Developing High quality Data Services in Kernel

In the above image you see 3 iterations of full a unitests suite of data services. Each iteration takes about 4-5 seconds to complete. The simulated environment had 64 cpu’s on client and 24 targets, each having 1 disk. All the block devices used 4K blocks. The Unitest suite reproduced 2 known bugs of low priority. In the first iteration, one of the tests randomly restarted servers 370 times while sending ~26K ios to disks



Developing distributed algorithms is not particularly easy. Doing it in the kernel instead of in user space is even harder. Chasing low probability race conditions which cause data corruptions is just madness.
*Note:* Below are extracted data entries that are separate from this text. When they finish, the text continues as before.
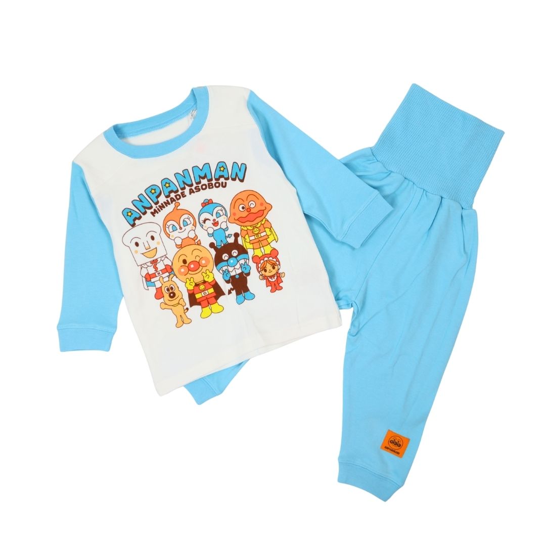 アンパンマン あったかフリース 総柄 パジャマ サックス 前開き 男児 ベビー服 長袖
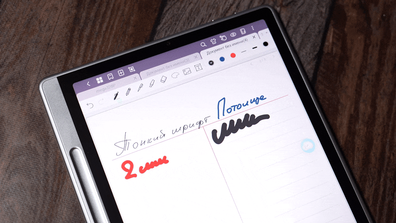 Написание текста шариковой ручкой (разумеется, не настоящей, а режим такой выбран для стилуса), тонким шрифтом (средним, т.к. можно сделать намного тоньше). Тактильные ощущения практически неотличимы от настоящей ручки.
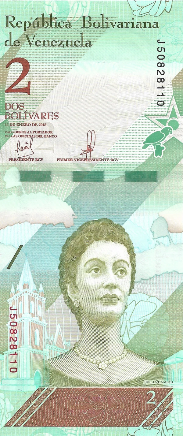 - Изображение Хосефы Камехо размещено на венесуэльской банкноте достоинством в 2 Боливара 2018 г.
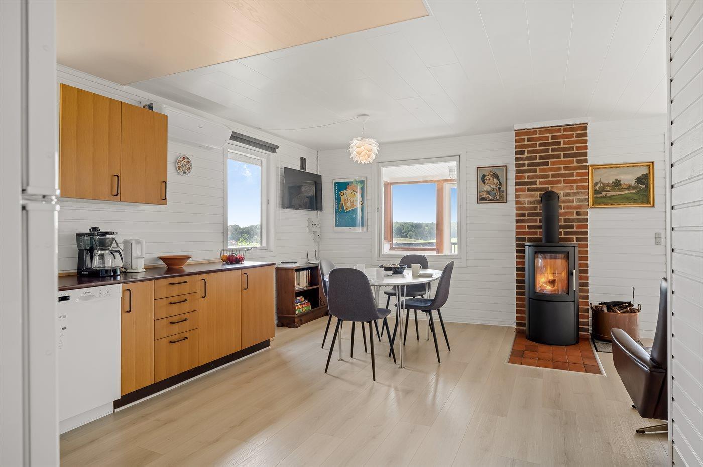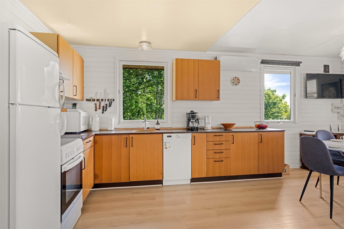 Køkkenet er udstyret med 1 køleskab. Der er 4 keramiske kogeplader, bageovn, mikrobølgeovn samt opvaskemaskine.
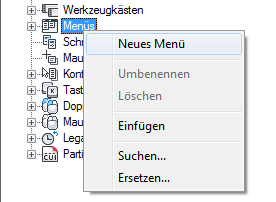 Klicken Sie auf der Registerkarte Anpassen im Bereich Anpassungen in <Dateiname> mit der rechten Maustaste auf den Knoten Menüs. Klicken Sie auf Neues Menü.
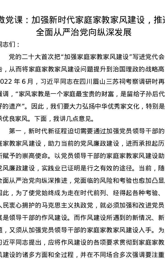 微党课:加强新时代家庭家教家风建设,推进全面从严治党向纵深发展
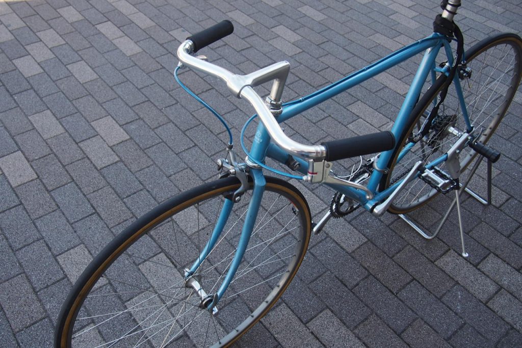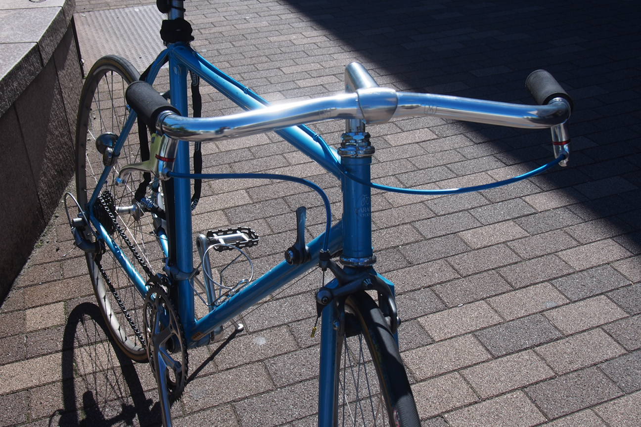 如何にもシャカリキなスポーツバイク然としたフォルムではなく、緩い雰囲気と絶妙なフォルムが何ともクロモリバイクに良く似合う本ハンドル。
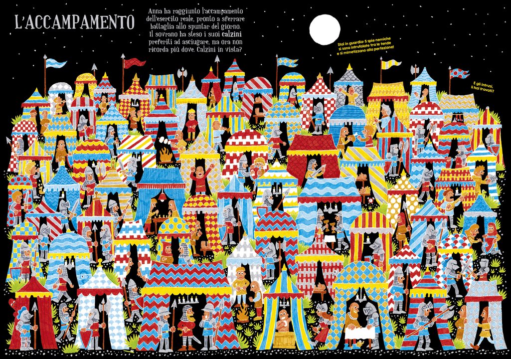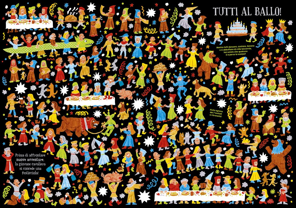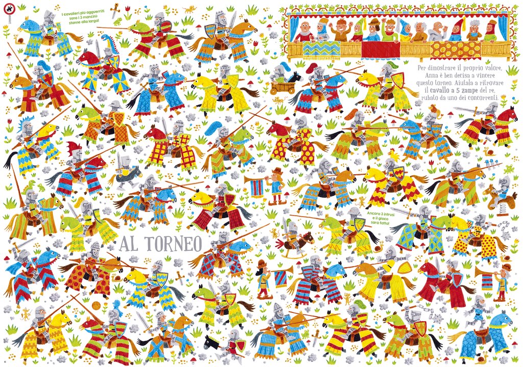 Un’intrepida donzella di nome Anna sogna di diventare cavaliera. Per riuscirci, dovrà affrontare dieci prove e ritrovare tutti gli oggetti preziosi rubati al re e alla regina. Come se non bastasse, avrà anche una trentina di intrusi da scovare… La seguono nell’avventura la lumaca Buffalmacca, Ubaldino il topolino e la rana Morgana. Ma siccome questi monelli preferiscono giocare a nascondino, toccherà al lettore aiutare Anna! Fra agguerrite battaglie, fitte foreste e draghi sputafuoco, un delizioso cerca e trova medievale ricco di dettagli divertenti.
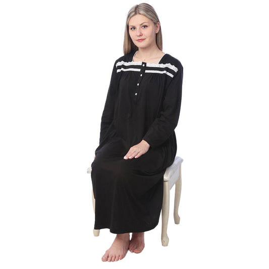Women Jersey Long Nightgown Long Sleeve Elegant Loose Dress
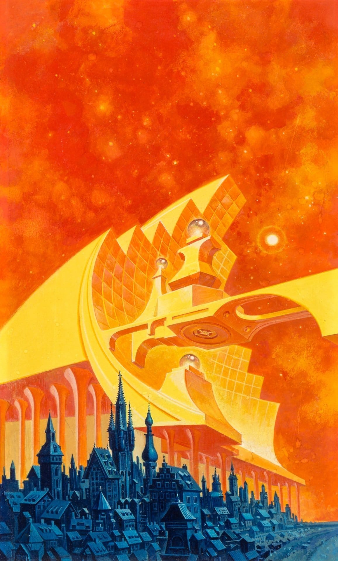 Let's start with Davis Meltzer's 1975 cover to Mack Reynolds' two-in-one title The Five Way Secret Agent and Mercenary from Tomorrow. Here, the color contrast serves to separate the steeples of an old town from the golden curves and orbs of a futuristic city expansion.
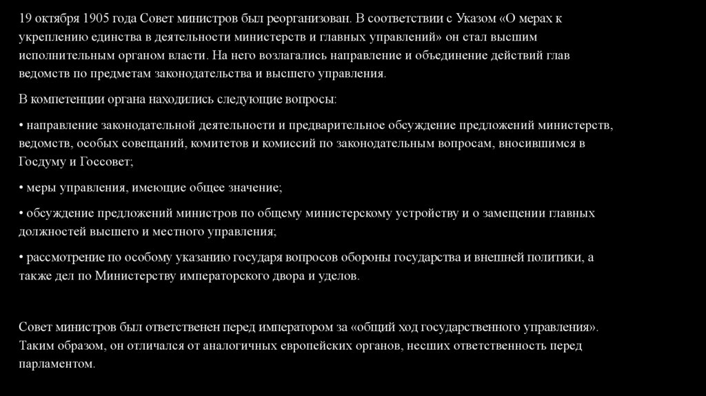Совет министров был ответственен перед императором за «общий ход государственного управления».
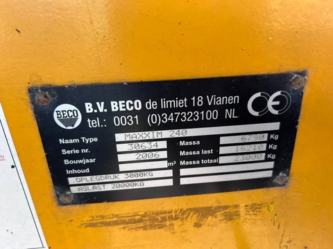 Nette Beco Maxxim 240 Bouwjaar 2006 Banden 650/50R26.5 Aluminium afdek kleppen Lucht remmen Machine nummer 72495Kontaktdaten:
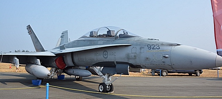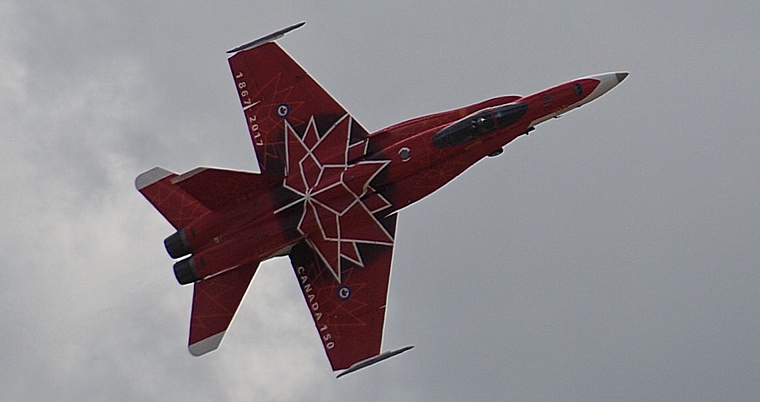 The Canadian Air Force CF-18 Hornet in Canada's 150th Sesquicentennial Anniversary colours.
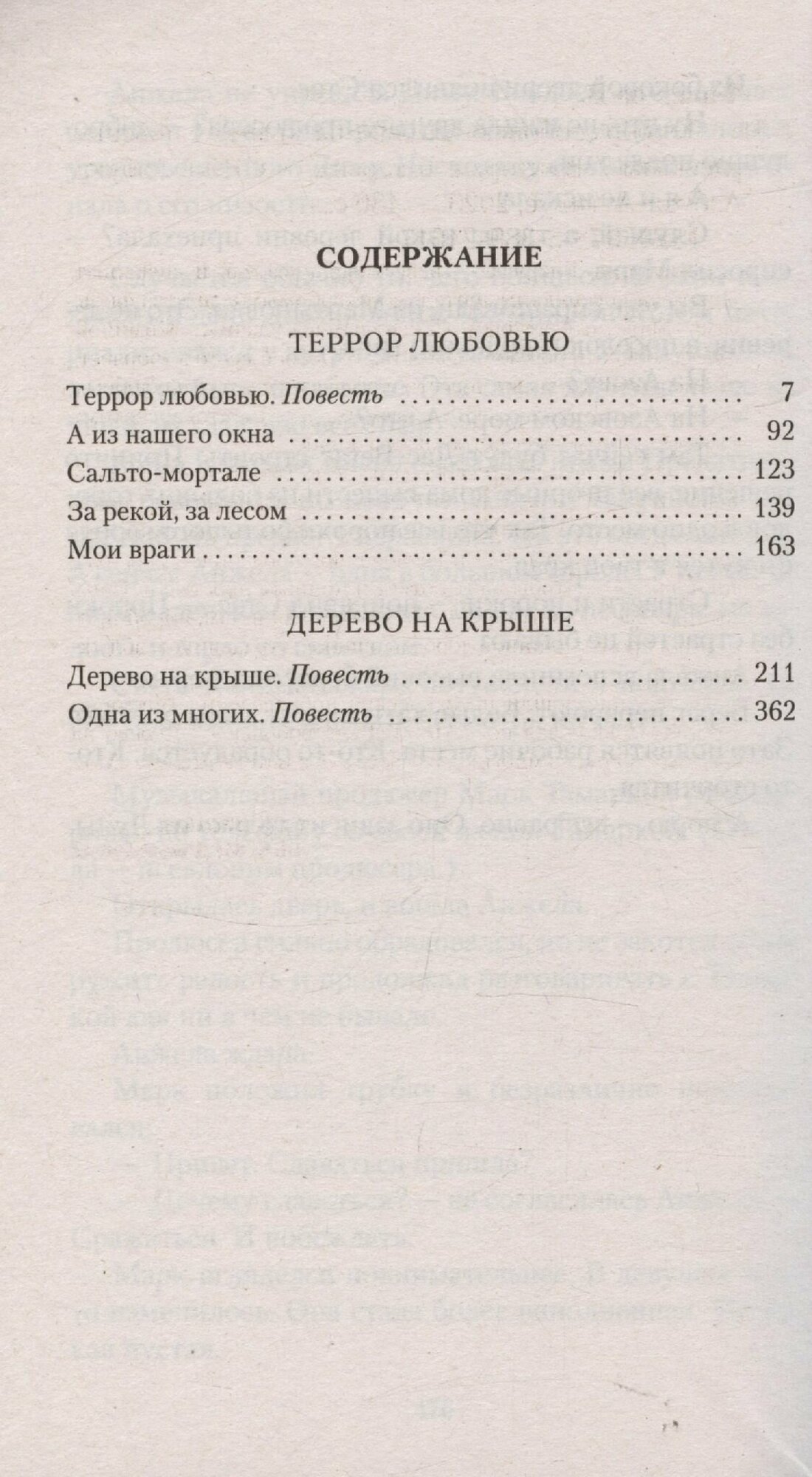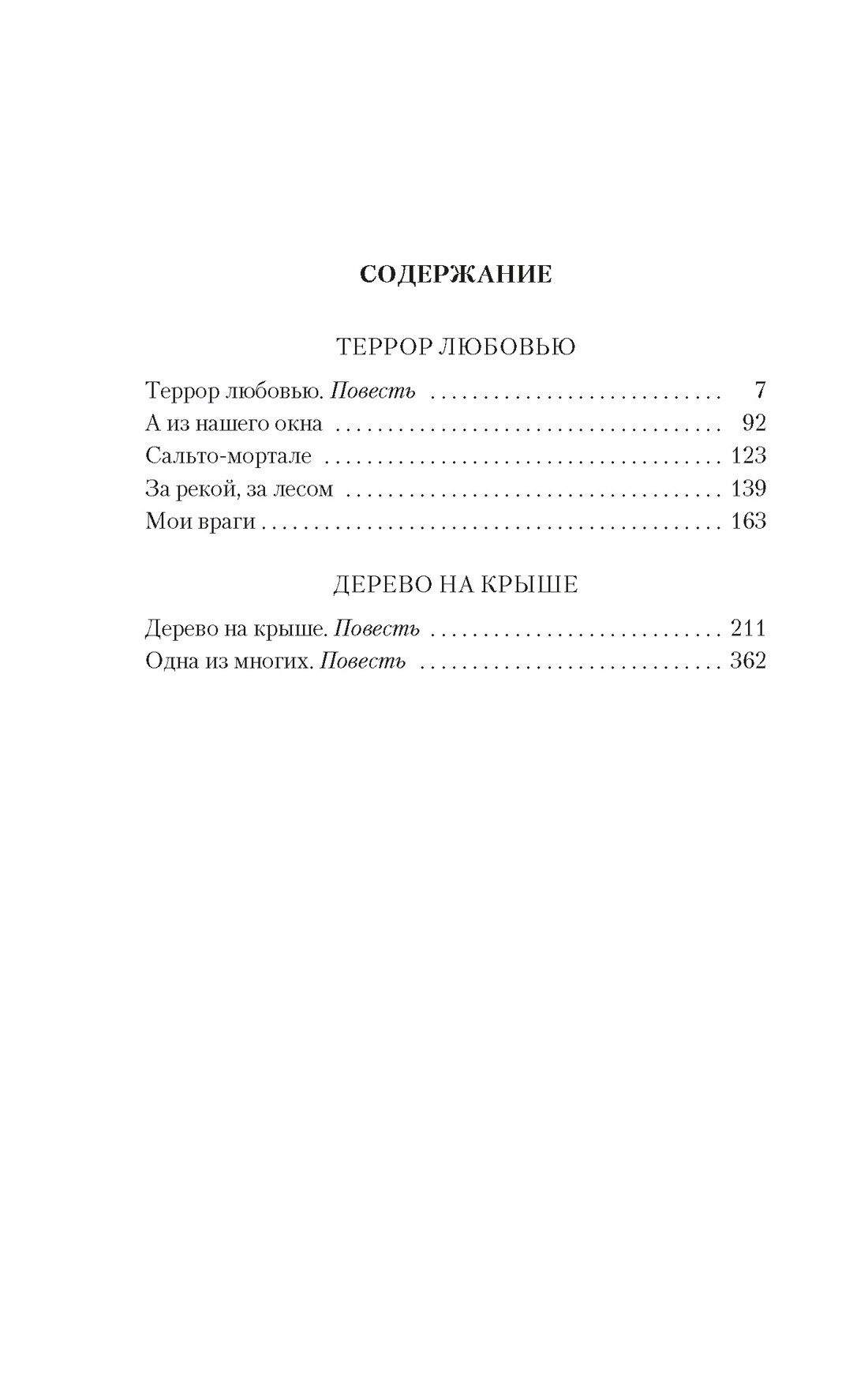 Виктория Токарева — известный писатель и сценарист, знакомый российским зрителям по любимым с детства фильмам: «Урок литературы», «Джентльмены удачи», «Мимино», «Шла собака по роялю», «Ты есть...». Особое место в творчестве Токаревой занимают повести и рассказы, с мягким и добрым юмором, написанные неподражаемым, легким, «токаревским» языком, которые всегда трогают за живое. Что такое счастье и свобода и где та граница, которая отделяет нас от близких людей? Есть ли у любви возраст и чем она отличается от привычки или от жалости? Яростный, бескомпромиссный шантаж и деспотичное обожание – это тоже лики любви?.. Чтобы найти ответ и принять простые истины, которые дает жизнь, героям Токаревой, как и нам, порой приходится пройти длинной дорогой ошибок, страданий и заблуждений. В издание вошли прозаические произведения Виктории Токаревой, включая повести «Террор любовью», «Дерево на крыше», «Одна из многих», рассказы «Сальто-мортале», «Мои враги» и др.
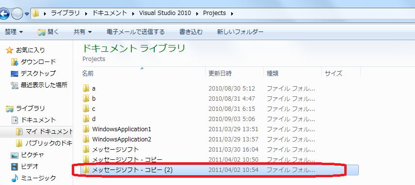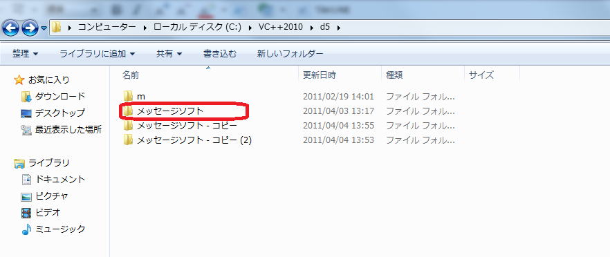 そして、バックアップフォルダであるメッセージソフト-コピーをダブルクリック!
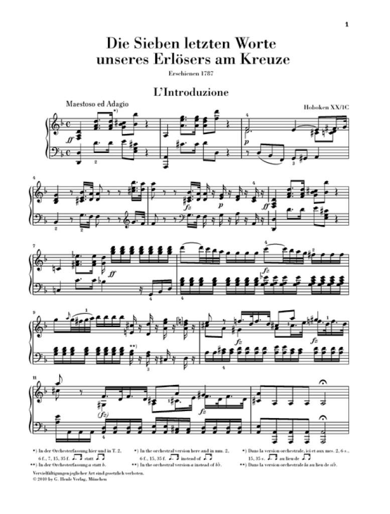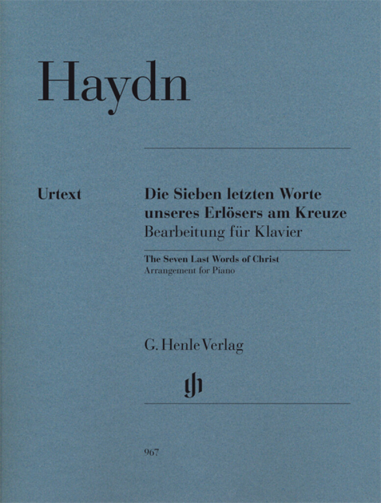 En 1786, sur commande du chanoine de la cathédrale de Cadix, Haydn compose des musiques méditatives à jouer en alternance, le Vendredi saint, avec la lecture des dernières paroles du Christ. Cette version orchestrale ainsi qu'une adaption pour quatuor à cordes (HN 851 et HN 9771) paraissent dès le printemps 1787 chez l'éditeur viennois Artaria. A peine dix ans plus tard, Haydn compose en outre une version oratorio, disponible chez Henle dans la série «Studien-Edition» (HN 9830). Haydn ne réalise certes pas lui-même la version pour «Clavicembalo o Forte Piano», mais, ayant pris connaissance des épreuves, il la loue disant qu'elle est «trés bonnes et écrite avec un zèleparticulier». D’ailleurs cette oeuvre des plus expressives convient aussi remarquablement pour une exécution sur orgue. ?
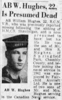 AB Hughes died when HMCS SHAWINIGAN was sunk by U-1228 on 24 Nov 1944. Of her crew of 91, there were no survivors. Prior to joining the Navy he was employed by Fairchild Aircraft Ltd.
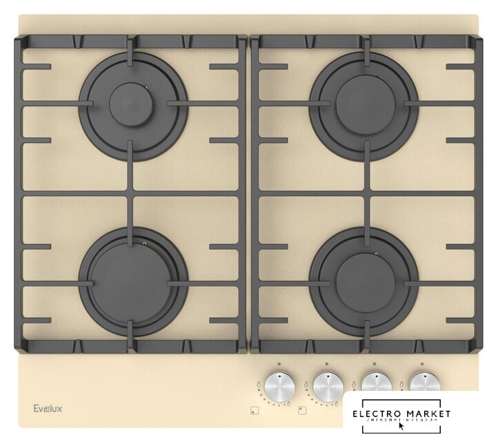 газовая на 4 конфорки, закаленное стекло, мощность: 7800 Вт, автоматический электроподжиг, газ-контроль, решетки: чугун, независимая установка, размеры (ШхГ): 60x51 см
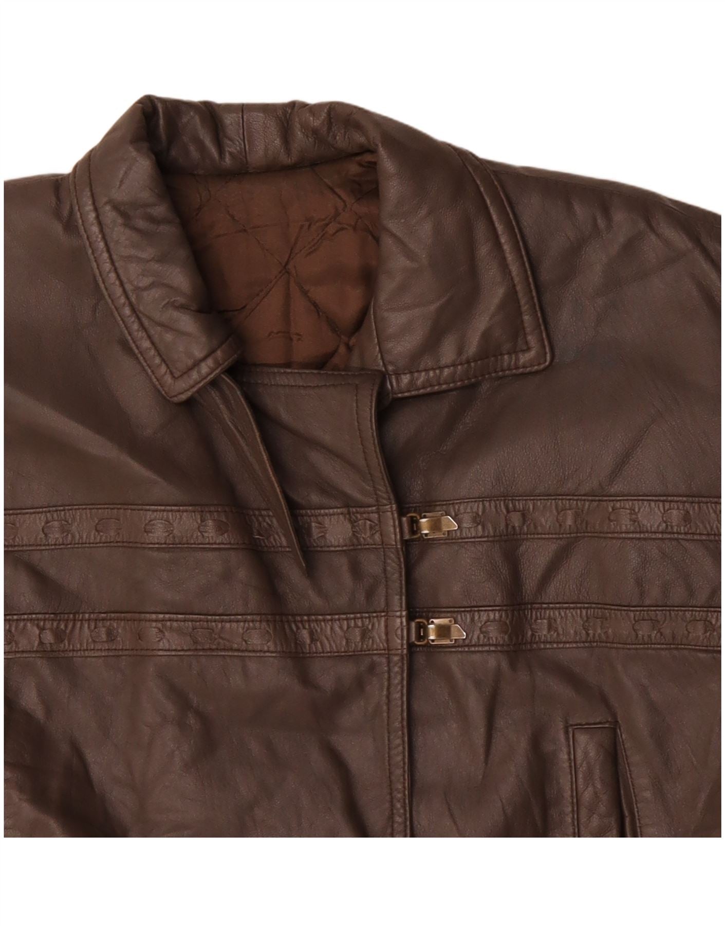 VINTAGE Dame Læderjakke UK 18 XL Brun

Our solution to this problem is extensive testing using user space simulators. Here are the basic steps we are using for this:

Data Services development and testing:

  1. Data services components are black boxed and incorporated in the client’s kernel module. This module is loaded into a kernel simulator.
  2. A kernel simulator is a user space application that simulates a Linux kernel. There are off-the-shelf solutions to run a Linux kernel in user space but they have many drawbacks: they are large, slow, and do not allow enough control by unitests. At Excelero, we wrote a basic kernel simulator from scratch that only implements the methods that the module accesses: memory management, work queues, virtual CPUs, timers, linked lists, block API, etc. The kernel simulator is highly configurable by the uni-testing environment, allowing it to stop specific CPUs, reschedule jobs in different fashion to reproduce race conditions, track memory allocations, force it to issue specific IO patterns and much more.
  3. Data services now run in the user space but they still need all other components to function properly. These components are developed by other teams. To solve this, we use a simulator for each component. For example, we simulate NVMe disks using ram-disks. We simulate network messages, the topology manager, databases that hold the configuration, applications that issue IOs, NVMe–errors, etc.
  4. All the simulators described above have a dual API. In other words, they implement exactly the set of functions and behaviors of the real components, but they also implement an API towards the uni-test environment. For example, the disk simulator supports a regular API of the NVMe-driver, but also has additional functions like insert_bad_sector(), inject_random_failure() and disconnect_from_client(). The Toma simulator implements exactly the correct messaging protocol with the client but also has functions like: inject_false_message(), ignore_next_clients_message(), force_reboot()
  5. Once all the simulators with the data services production code are loaded, the uni-testing environment really shines. It accesses the dual API of the simulators (as described above) to craft specific test scenarios.
  6. Example of one scenario (IO to RAID1): Issue random writes to the client, order one disk to disconnect, order the cluster manager to move client into degraded mode, now freeze everything and verify that the data of the pair of disks in RAID1 matches. Failure of this scenario means data corruption.
  7. As our development goes, more scenarios are added (and never removed), thus broadly covering more features and more information flows. We also use random scenarios to detect difficult corner cases.
  8. Our unitest environment has an immense power because it runs many orders of magnitudes faster than real world machines. Even in a short – few minutes – run, it can perform a test that simulates years of typical usage on a customer’s site. One example is a scenario of shutting down a server while IO is in the air. This scenario (while running on my laptop) for 1 second can typically issue ~200K IO/s over 6 simulated disks and ~400 reboots of the simulated server. Just for comparison, a typical server can take 30 seconds to several minutes to reboot while the simulated one does it in ~2 milliseconds.
  9. We run these unitests overnight for every git commit and they do not require any specialized hardware. If a scenario fails, the testing environment automatically puts a break point and the developer can continue to debug the live run. Unlike typical kernel debugging (add prints to logs and analyzing post mortem) we are able to inspect the problems exactly when they occur.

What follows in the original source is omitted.